A exemplo de ditaduras sociais ao longo da História da humanidade vivemos, em pleno século XXI no Brasil uma ditadura estimulada pelo atual governo. Ela é conceitual, perceptiva e, sobretudo, subtrai a capacidade de reflexão crítica do indivíduo.

O decano jornalista denuncia a ditadura do politicamente correto profusa em nossa absorta e alheia sociedade brasileira.



Um mundo escuro
J. R. GUZZO
REVISTA VEJA

Está cada vez mais difícil, em nosso mundo de hoje. encontrar inocentes. No exalo momento em que estiver lendo estas linhas, o leitor poderá muito bem estar sendo culpado pela prática de algum delito sério, mesmo que não saiba disso - e provavelmente não sabe. Como poderia saber? As noções de certo ou errado, de bem ou mal ou de justo e injusto, cada vez mais, são definidas por dezenas de "causas", em relação às quais é indispensável estar do lado correto. E que lado é esse? É o lado dos donos ou dos militantes dessas causas - tarefa complicada, considerando-se que elas se multiplicam sem parar, não têm conexão nenhuma entre si e sua própria existência, muitas vezes. é completamente desconhecida do público em geral. Com o desmanche cada vez mais rápido de qualquer valor ou princípio na atividade política, e o falecimento da ideia geral de "direita" e "esquerda", o campo do "bem" vai sendo ocupado por movimentos que defendem ou condenam todo tipo de coisa. Importa cada vez menos, também, o divisor de águas formado pelo conjunto de valores morais como integridade, decência, gratidão, generosidade, honradez, cortesia e tantos outros que marcavam a correção do indivíduo, do ponto de vista pessoal, na vida de todos os dias.

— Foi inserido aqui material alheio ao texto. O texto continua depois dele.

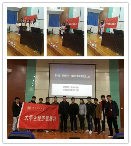 宝城期货郑州营业部作为对接我校的重要券商,从大赛动员、培训到大赛的推进,提供了全程跟踪指导,取得了良好效果。河南理工大学经济纵横社的全体成员精诚团结、分工合作,圆满完成了这次大赛的组织协调任务,为大赛顺利开展做出了贡献。作为高水平的实践教学和实务训练平台,这次大赛为同学们提供了实践锻炼的机会,是对课堂教学的有益补充,让参赛的同学们在成长的道路上获得了宝贵的实战经验。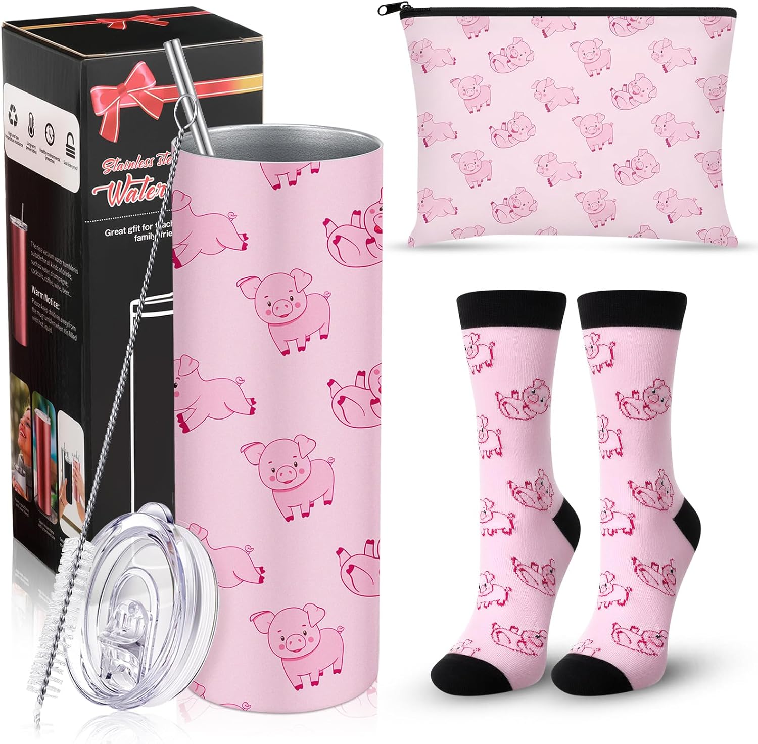 Yahenda 3 Pcs Pig Lover Gifts for Girls Women, 20 oz Insulated Stainless Steel Pig Travel Tumbler Mug with Straw Brush Novelty Animal Socks Makeup Bag, Christmas Gifts for Animal Friends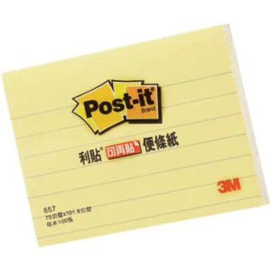 3M 利貼 可再貼便條紙 657L ( 橫格 ) 便利貼 可再貼 便條紙 100張/本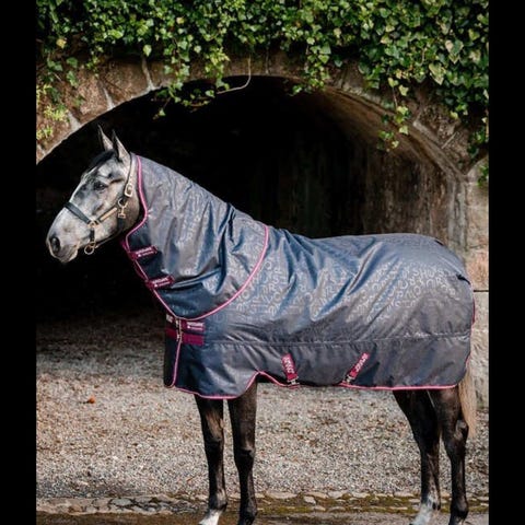 Horseware Amigo regndekken med 0 gram i størrelse 115 selges. Dekkenet er vanntett og helt, kun solbleket. En liten flenge (1×2cm) bak til høyre på dekkenet er lappet med dekkenlim.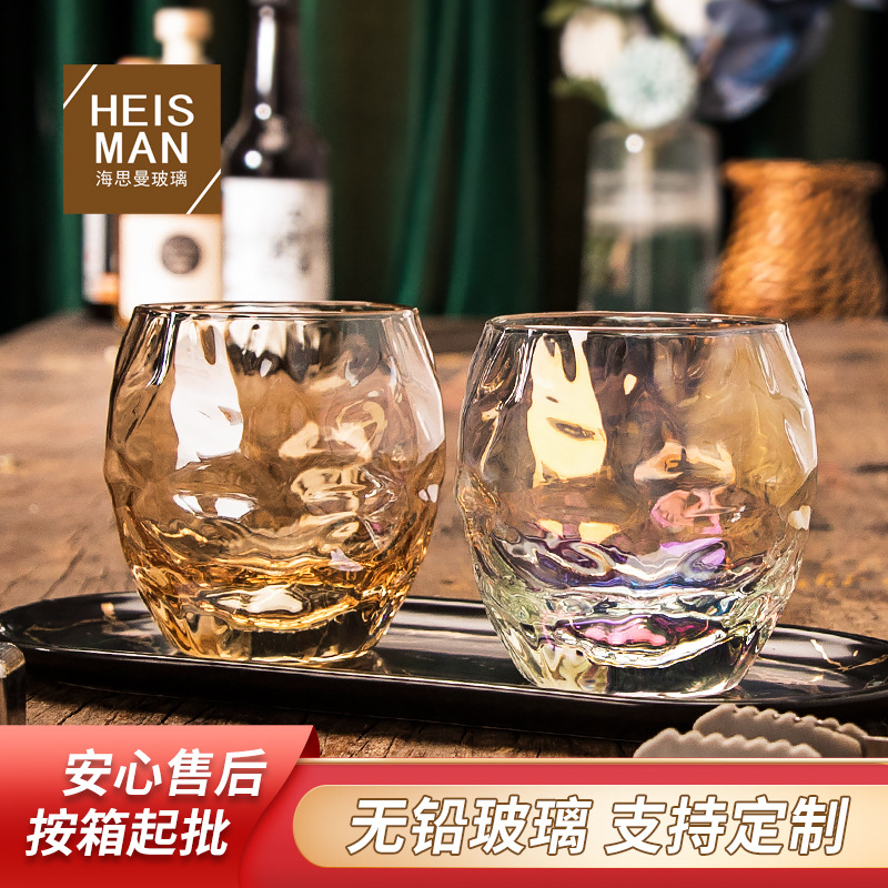 クリエイティブパイナップルウイスキーグラス異形ガラスカップ家庭用透明卵カップ金辺カップジュースカップ

O cidadão, hoje, pode ser tudo isso ao mesmo tempo, mas ainda assim não será inocente basta não concordar com as bandeiras em voga, ou ser indiferente a elas, ou não saber que existem.

Todas essas cruzadas se declaram proprietárias exclusivas do bem e têm, cada vez mais, a certeza de que a lógica, os argumentos baseados em fatos e o livre debate devem ceder lugar à fé - a fé dos dirigentes e militantes das "causas", que se julgam moralmente superiores e portanto, autorizados a exigir que todos abram mão do seu direito a raciocinar e simplesmente concordem com eles. O lado escuro disso tudo é que a defesa de tais bandeiras está se tornando cada vez mais fanática - e o resultado é a criação, pouco a pouco, de um novo totalitarismo. Nega-se as pessoas o direito de discordar de qualquer delas e, principalmente, de criticar seja lá o que proponham; não é permitida nem a simples neutralidade, pois quem é neutro é considerado cúmplice do mal.

Os efeitos práticos são muito parecidos com os que se produzem nas ditaduras - e sua primeira vítima é a liberdade de pensar e de exprimir o que se pensa.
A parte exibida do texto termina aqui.